> **Material provided**
____
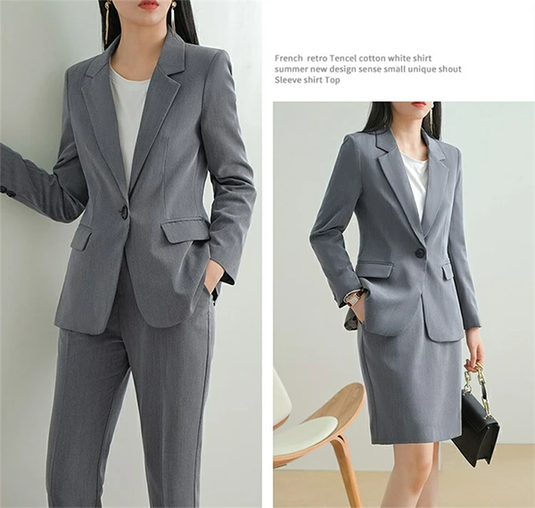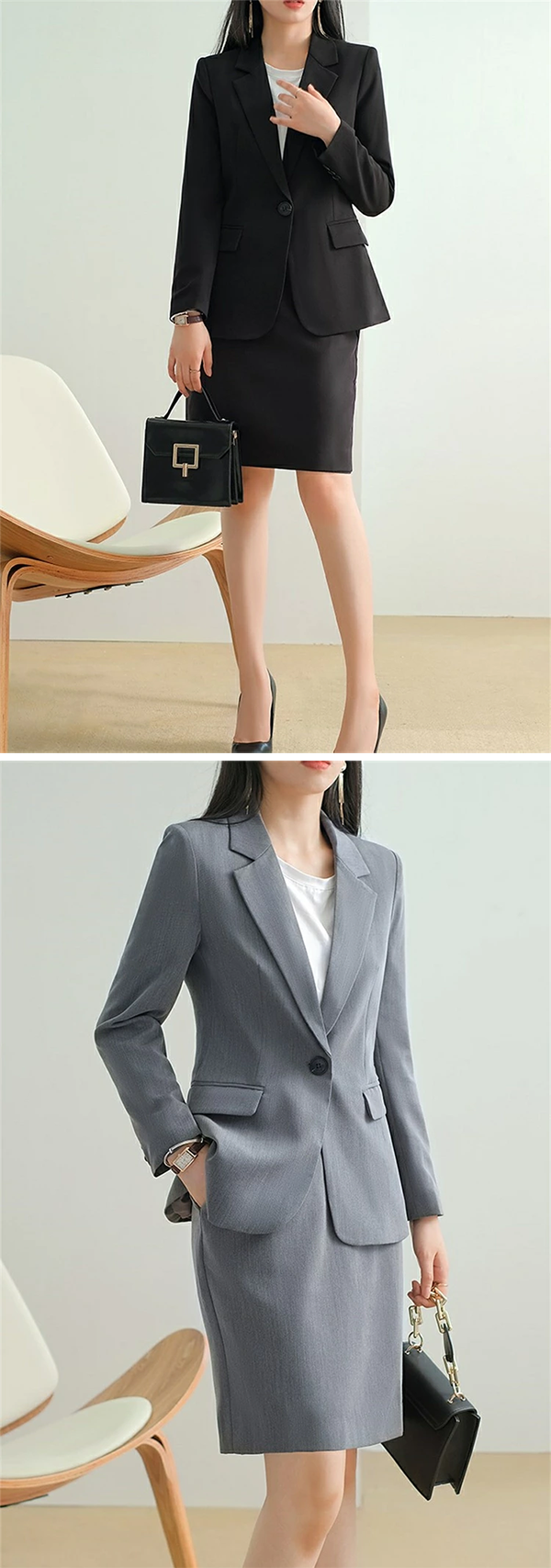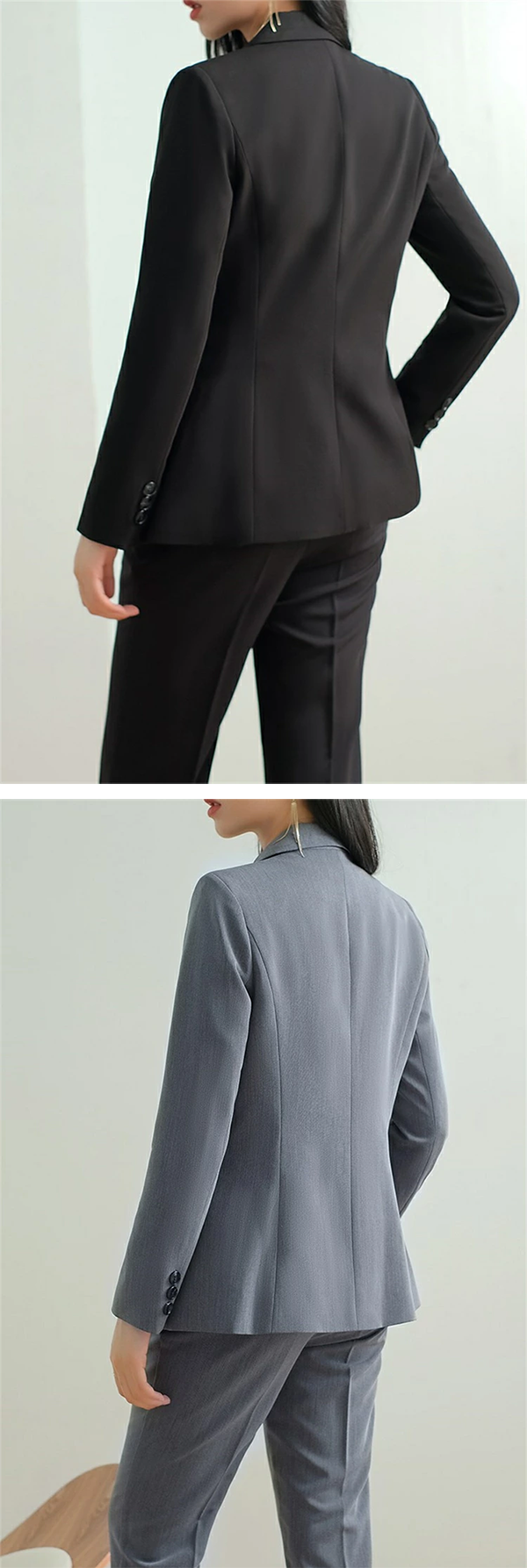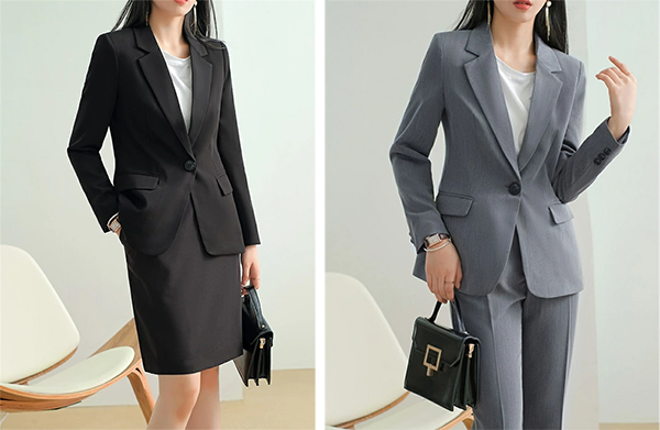 - 一つボタンのジャケットとタイトスカートかパンツのセットです。
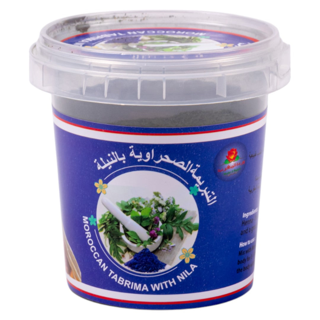 The Saharan scrub with indigo is a traditional Moroccan recipe used to lighten and purify the skin, especially dark areas. It combines natural ingredients that exfoliate the skin, even out its tone, and give it a smooth, radiant appearance.
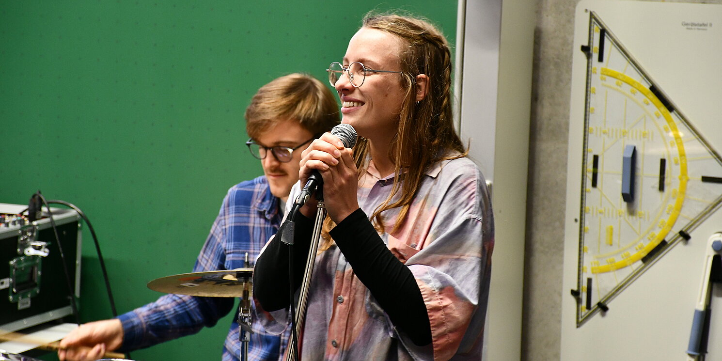 Für den feierlichen musikalischen Rahmen sorgte eine Studierendenband des Bachelorstudiengangs Musik- und bewegungsorientierte Soziale Arbeit mit Nerea Freichel Nieto (Gesang, Bass), Caroline Davia (Gesang, Percussion), Hannes Tischer (Schlagzeug) und Lorenz Breuer (Gesang, Gitarre, Saxofon).
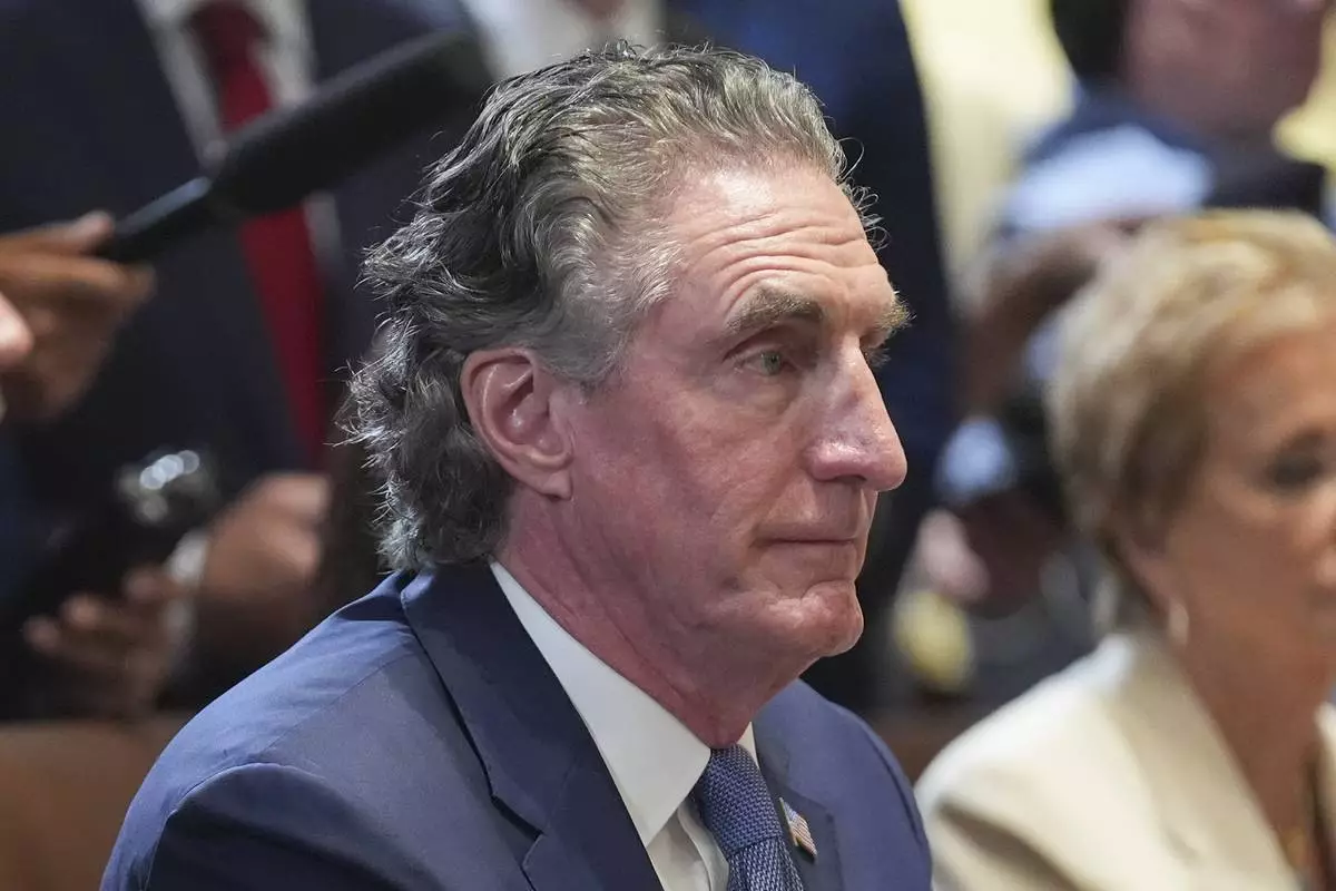 Secretary of Interior Doug Burgum listens to President Donald Trump speak during a cabinet meeting at the White House, Tuesday, July 8, 2025, in Washington. (AP Photo/Evan Vucci)
____
> **Task brief**
Your answer should consist solely of the lines from the one holding "The Saharan scrub" through the end of the listing, reproduced exactly and without pictures.

> **Written solution**
 The Saharan scrub with indigo is a traditional Moroccan recipe used to lighten and purify the skin, especially dark areas. It combines natural ingredients that exfoliate the skin, even out its tone, and give it a smooth, radiant appearance.
 Für den feierlichen musikalischen Rahmen sorgte eine Studierendenband des Bachelorstudiengangs Musik- und bewegungsorientierte Soziale Arbeit mit Nerea Freichel Nieto (Gesang, Bass), Caroline Davia (Gesang, Percussion), Hannes Tischer (Schlagzeug) und Lorenz Breuer (Gesang, Gitarre, Saxofon).
 Secretary of Interior Doug Burgum listens to President Donald Trump speak during a cabinet meeting at the White House, Tuesday, July 8, 2025, in Washington. (AP Photo/Evan Vucci)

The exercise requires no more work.